*Task to carry out*.
Within the records that follow, restate exactly the lines from the line with "ひと通りVR体験をしたあと、" down to the line with "ที่สามารถสอบเปียโนเกรด 4 ของ", including both. Omit the pictures.

*Exercise data*.
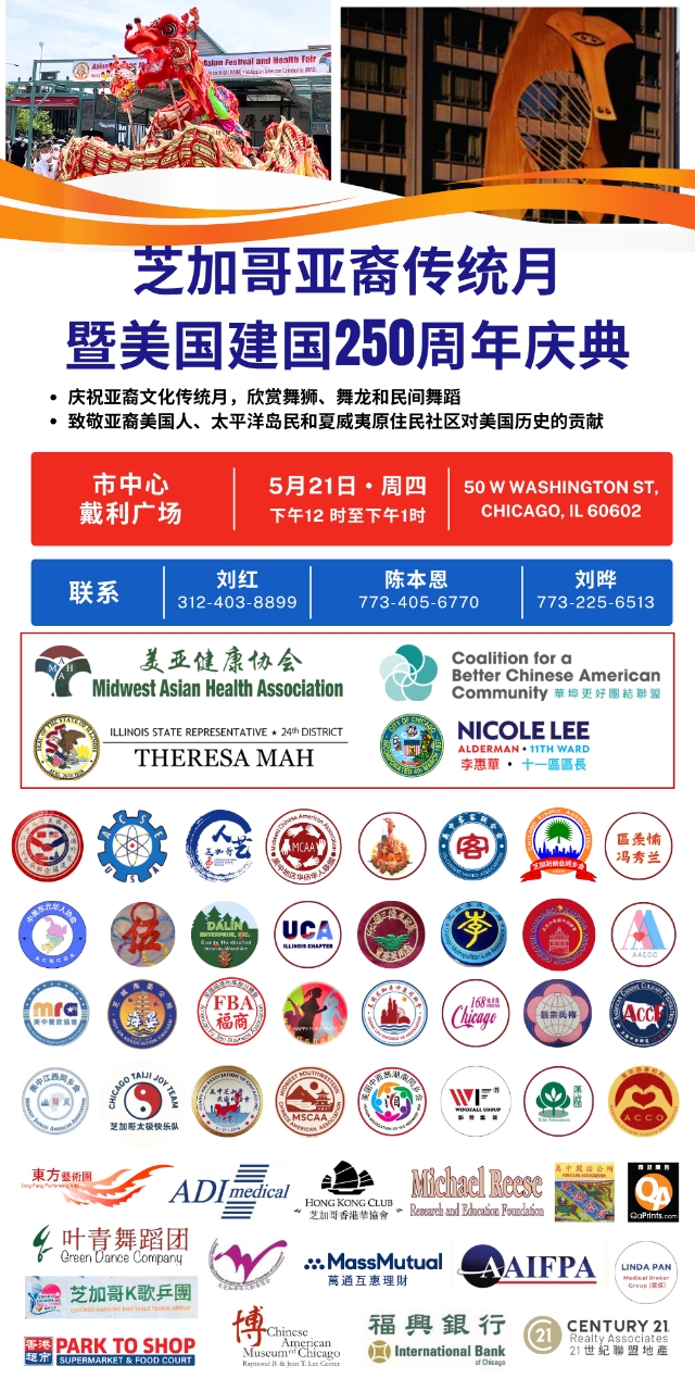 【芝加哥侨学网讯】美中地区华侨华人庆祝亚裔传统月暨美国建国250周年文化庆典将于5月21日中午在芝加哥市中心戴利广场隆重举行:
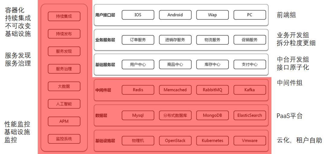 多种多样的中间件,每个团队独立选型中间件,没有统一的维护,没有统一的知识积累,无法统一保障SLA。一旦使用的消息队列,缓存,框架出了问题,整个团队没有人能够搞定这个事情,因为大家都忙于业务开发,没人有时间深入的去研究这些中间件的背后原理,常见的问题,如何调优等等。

--

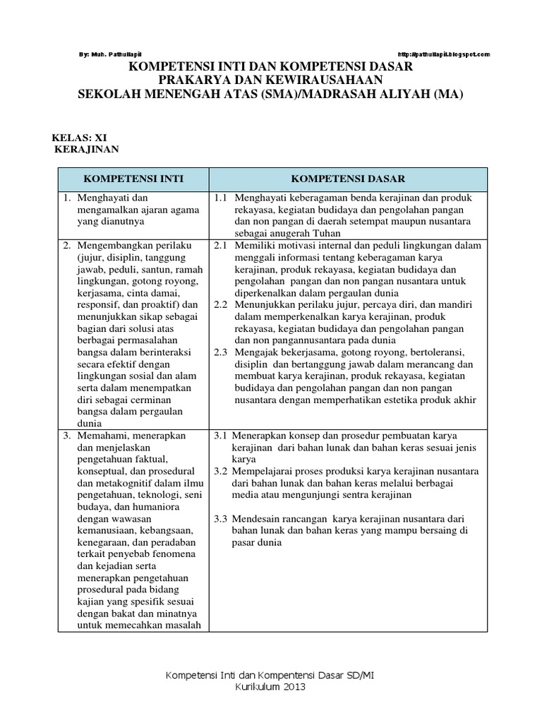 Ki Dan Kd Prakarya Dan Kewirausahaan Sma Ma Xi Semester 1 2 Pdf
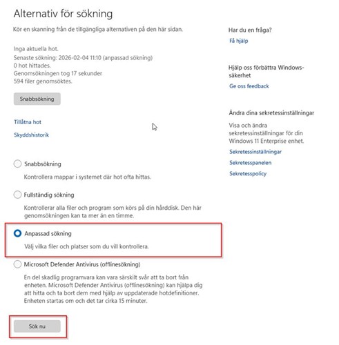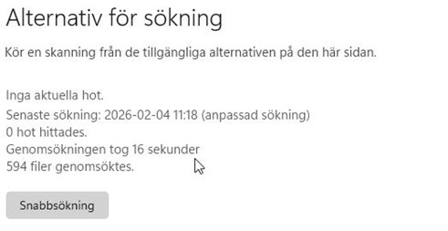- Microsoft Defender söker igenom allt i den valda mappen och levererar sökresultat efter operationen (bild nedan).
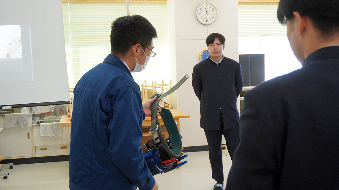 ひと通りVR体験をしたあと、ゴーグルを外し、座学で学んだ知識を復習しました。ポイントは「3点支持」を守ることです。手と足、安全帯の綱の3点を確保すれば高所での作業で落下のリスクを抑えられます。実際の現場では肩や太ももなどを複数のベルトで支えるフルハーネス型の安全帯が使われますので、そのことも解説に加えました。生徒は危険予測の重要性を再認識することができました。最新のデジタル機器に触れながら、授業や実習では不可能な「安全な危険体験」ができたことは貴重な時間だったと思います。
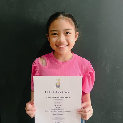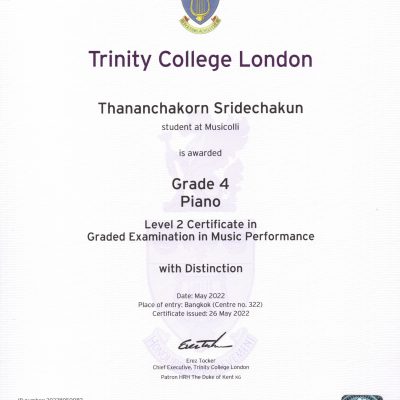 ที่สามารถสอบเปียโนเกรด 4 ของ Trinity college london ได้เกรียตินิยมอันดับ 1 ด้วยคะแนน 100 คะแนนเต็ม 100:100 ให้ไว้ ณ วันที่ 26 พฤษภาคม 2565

...

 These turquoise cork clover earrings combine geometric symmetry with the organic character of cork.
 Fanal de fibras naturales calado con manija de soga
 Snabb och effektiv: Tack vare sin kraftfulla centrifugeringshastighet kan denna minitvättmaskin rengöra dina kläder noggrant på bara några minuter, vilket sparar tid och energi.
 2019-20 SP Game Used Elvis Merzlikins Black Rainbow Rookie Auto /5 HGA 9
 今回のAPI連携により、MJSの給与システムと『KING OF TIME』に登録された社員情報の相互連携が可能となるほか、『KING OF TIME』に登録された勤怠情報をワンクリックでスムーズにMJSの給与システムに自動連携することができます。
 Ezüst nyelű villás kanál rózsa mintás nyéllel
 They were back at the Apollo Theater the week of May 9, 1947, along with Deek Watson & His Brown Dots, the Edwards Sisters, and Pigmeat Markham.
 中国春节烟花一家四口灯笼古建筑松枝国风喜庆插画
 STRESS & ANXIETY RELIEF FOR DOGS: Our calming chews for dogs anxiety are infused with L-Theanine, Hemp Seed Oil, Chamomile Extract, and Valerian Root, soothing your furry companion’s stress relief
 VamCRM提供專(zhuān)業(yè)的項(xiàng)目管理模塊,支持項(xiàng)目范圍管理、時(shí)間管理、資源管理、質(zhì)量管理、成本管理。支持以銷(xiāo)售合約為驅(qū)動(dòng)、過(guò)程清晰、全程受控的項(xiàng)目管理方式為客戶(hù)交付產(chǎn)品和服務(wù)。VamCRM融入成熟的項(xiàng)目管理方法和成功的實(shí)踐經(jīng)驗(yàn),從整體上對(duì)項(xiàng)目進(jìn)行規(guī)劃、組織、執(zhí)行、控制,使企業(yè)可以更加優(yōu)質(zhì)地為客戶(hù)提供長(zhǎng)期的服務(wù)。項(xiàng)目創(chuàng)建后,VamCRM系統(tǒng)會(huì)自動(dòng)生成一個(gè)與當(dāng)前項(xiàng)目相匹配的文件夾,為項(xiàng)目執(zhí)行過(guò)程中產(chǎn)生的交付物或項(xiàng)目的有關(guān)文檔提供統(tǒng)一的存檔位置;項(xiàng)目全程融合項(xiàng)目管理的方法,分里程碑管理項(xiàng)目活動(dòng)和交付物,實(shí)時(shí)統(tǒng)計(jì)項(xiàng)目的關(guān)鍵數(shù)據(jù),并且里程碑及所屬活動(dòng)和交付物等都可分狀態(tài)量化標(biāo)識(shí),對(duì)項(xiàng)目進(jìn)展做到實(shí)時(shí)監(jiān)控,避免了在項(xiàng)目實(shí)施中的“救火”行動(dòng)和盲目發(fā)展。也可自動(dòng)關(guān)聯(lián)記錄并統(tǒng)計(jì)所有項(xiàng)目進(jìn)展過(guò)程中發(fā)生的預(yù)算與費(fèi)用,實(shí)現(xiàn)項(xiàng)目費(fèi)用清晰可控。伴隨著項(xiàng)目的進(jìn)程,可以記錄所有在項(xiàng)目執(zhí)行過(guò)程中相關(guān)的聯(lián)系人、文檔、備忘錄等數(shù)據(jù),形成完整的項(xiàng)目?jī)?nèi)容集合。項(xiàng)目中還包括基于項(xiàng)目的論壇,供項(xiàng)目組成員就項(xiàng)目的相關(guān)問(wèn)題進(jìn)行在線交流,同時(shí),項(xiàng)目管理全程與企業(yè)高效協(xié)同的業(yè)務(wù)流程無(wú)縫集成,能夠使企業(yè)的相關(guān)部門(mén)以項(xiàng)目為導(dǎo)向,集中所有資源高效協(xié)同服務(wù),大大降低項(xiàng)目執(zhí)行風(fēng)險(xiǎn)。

*Finished task*.
 ひと通りVR体験をしたあと、ゴーグルを外し、座学で学んだ知識を復習しました。ポイントは「3点支持」を守ることです。手と足、安全帯の綱の3点を確保すれば高所での作業で落下のリスクを抑えられます。実際の現場では肩や太ももなどを複数のベルトで支えるフルハーネス型の安全帯が使われますので、そのことも解説に加えました。生徒は危険予測の重要性を再認識することができました。最新のデジタル機器に触れながら、授業や実習では不可能な「安全な危険体験」ができたことは貴重な時間だったと思います。
 ที่สามารถสอบเปียโนเกรด 4 ของ Trinity college london ได้เกรียตินิยมอันดับ 1 ด้วยคะแนน 100 คะแนนเต็ม 100:100 ให้ไว้ ณ วันที่ 26 พฤษภาคม 2565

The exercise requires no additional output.